Assigned task: Could you restate the entries word for word, without the images?

Record excerpts:
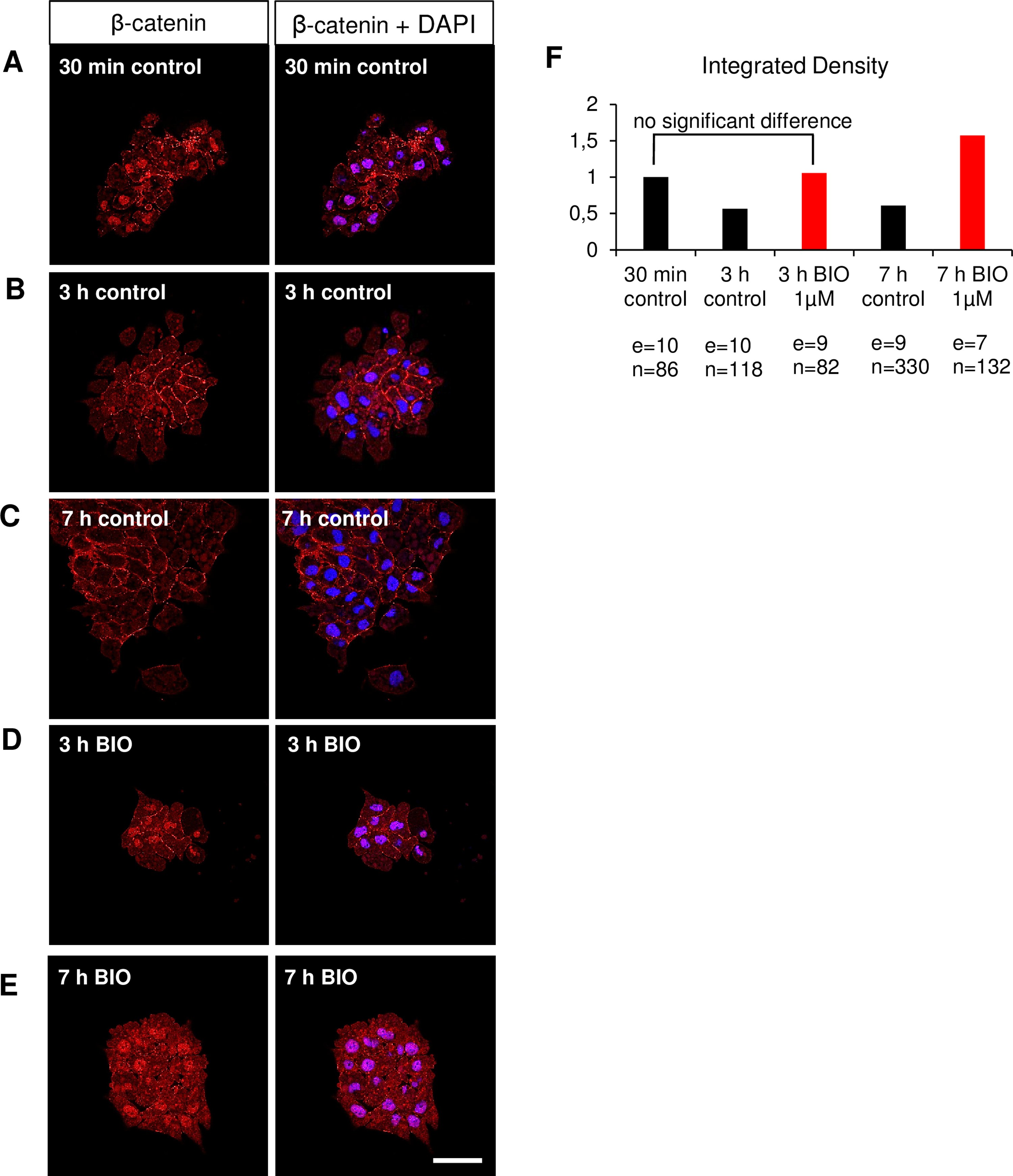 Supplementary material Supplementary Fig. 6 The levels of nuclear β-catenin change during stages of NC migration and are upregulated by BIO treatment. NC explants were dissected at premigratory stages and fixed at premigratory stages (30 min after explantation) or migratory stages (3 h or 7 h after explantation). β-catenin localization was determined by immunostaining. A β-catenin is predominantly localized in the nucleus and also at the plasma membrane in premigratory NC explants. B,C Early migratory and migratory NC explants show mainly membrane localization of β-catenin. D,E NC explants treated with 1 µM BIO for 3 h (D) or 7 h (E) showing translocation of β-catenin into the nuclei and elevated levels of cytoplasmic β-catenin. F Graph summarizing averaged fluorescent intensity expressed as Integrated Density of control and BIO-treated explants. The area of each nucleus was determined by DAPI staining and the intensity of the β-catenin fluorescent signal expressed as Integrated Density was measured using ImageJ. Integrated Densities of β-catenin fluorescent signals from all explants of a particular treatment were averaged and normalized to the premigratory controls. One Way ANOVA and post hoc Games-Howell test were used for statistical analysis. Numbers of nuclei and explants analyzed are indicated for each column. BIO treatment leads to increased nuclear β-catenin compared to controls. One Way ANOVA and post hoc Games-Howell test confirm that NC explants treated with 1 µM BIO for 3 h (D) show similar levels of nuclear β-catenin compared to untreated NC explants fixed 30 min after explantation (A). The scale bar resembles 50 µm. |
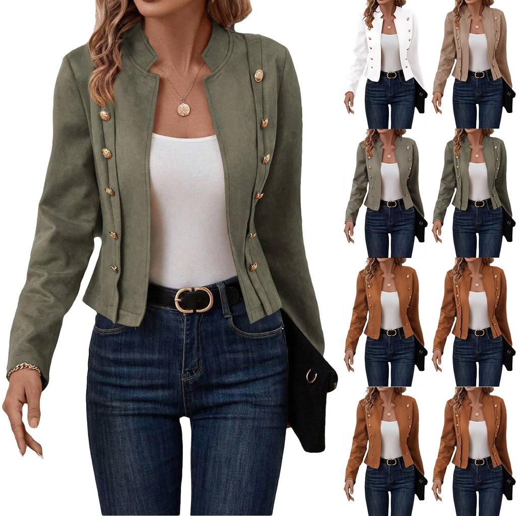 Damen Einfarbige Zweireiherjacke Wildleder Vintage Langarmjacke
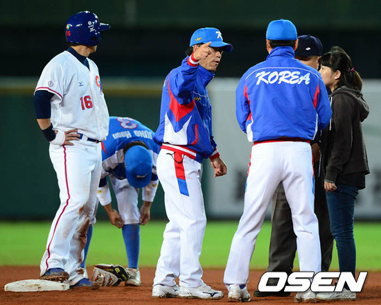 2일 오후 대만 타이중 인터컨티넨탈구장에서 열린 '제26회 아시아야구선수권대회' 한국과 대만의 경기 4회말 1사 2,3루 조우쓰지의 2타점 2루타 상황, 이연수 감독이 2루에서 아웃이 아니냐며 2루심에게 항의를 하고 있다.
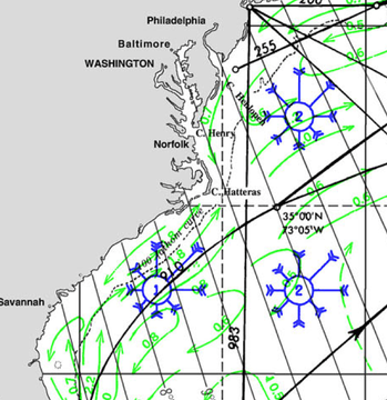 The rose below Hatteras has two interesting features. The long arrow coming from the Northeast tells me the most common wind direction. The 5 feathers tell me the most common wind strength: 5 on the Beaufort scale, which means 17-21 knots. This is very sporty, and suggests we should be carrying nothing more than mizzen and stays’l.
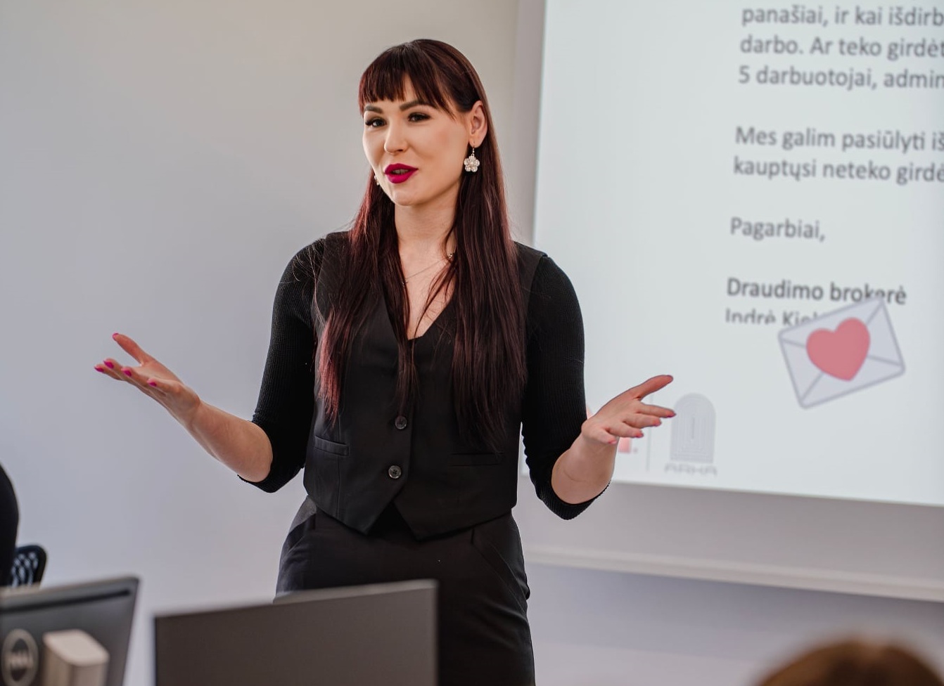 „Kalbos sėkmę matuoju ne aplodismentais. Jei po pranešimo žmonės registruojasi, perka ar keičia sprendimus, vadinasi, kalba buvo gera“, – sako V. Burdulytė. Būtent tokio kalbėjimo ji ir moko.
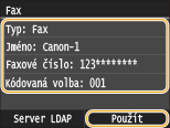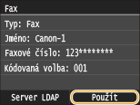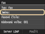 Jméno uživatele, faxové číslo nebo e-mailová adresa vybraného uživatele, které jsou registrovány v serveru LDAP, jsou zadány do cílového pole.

Reply to the exercise:
 Supplementary material Supplementary Fig. 6 The levels of nuclear β-catenin change during stages of NC migration and are upregulated by BIO treatment. NC explants were dissected at premigratory stages and fixed at premigratory stages (30 min after explantation) or migratory stages (3 h or 7 h after explantation). β-catenin localization was determined by immunostaining. A β-catenin is predominantly localized in the nucleus and also at the plasma membrane in premigratory NC explants. B,C Early migratory and migratory NC explants show mainly membrane localization of β-catenin. D,E NC explants treated with 1 µM BIO for 3 h (D) or 7 h (E) showing translocation of β-catenin into the nuclei and elevated levels of cytoplasmic β-catenin. F Graph summarizing averaged fluorescent intensity expressed as Integrated Density of control and BIO-treated explants. The area of each nucleus was determined by DAPI staining and the intensity of the β-catenin fluorescent signal expressed as Integrated Density was measured using ImageJ. Integrated Densities of β-catenin fluorescent signals from all explants of a particular treatment were averaged and normalized to the premigratory controls. One Way ANOVA and post hoc Games-Howell test were used for statistical analysis. Numbers of nuclei and explants analyzed are indicated for each column. BIO treatment leads to increased nuclear β-catenin compared to controls. One Way ANOVA and post hoc Games-Howell test confirm that NC explants treated with 1 µM BIO for 3 h (D) show similar levels of nuclear β-catenin compared to untreated NC explants fixed 30 min after explantation (A). The scale bar resembles 50 µm. |
 Damen Einfarbige Zweireiherjacke Wildleder Vintage Langarmjacke
 2일 오후 대만 타이중 인터컨티넨탈구장에서 열린 '제26회 아시아야구선수권대회' 한국과 대만의 경기 4회말 1사 2,3루 조우쓰지의 2타점 2루타 상황, 이연수 감독이 2루에서 아웃이 아니냐며 2루심에게 항의를 하고 있다.
 The rose below Hatteras has two interesting features. The long arrow coming from the Northeast tells me the most common wind direction. The 5 feathers tell me the most common wind strength: 5 on the Beaufort scale, which means 17-21 knots. This is very sporty, and suggests we should be carrying nothing more than mizzen and stays’l.
 „Kalbos sėkmę matuoju ne aplodismentais. Jei po pranešimo žmonės registruojasi, perka ar keičia sprendimus, vadinasi, kalba buvo gera“, – sako V. Burdulytė. Būtent tokio kalbėjimo ji ir moko.
 Jméno uživatele, faxové číslo nebo e-mailová adresa vybraného uživatele, které jsou registrovány v serveru LDAP, jsou zadány do cílového pole.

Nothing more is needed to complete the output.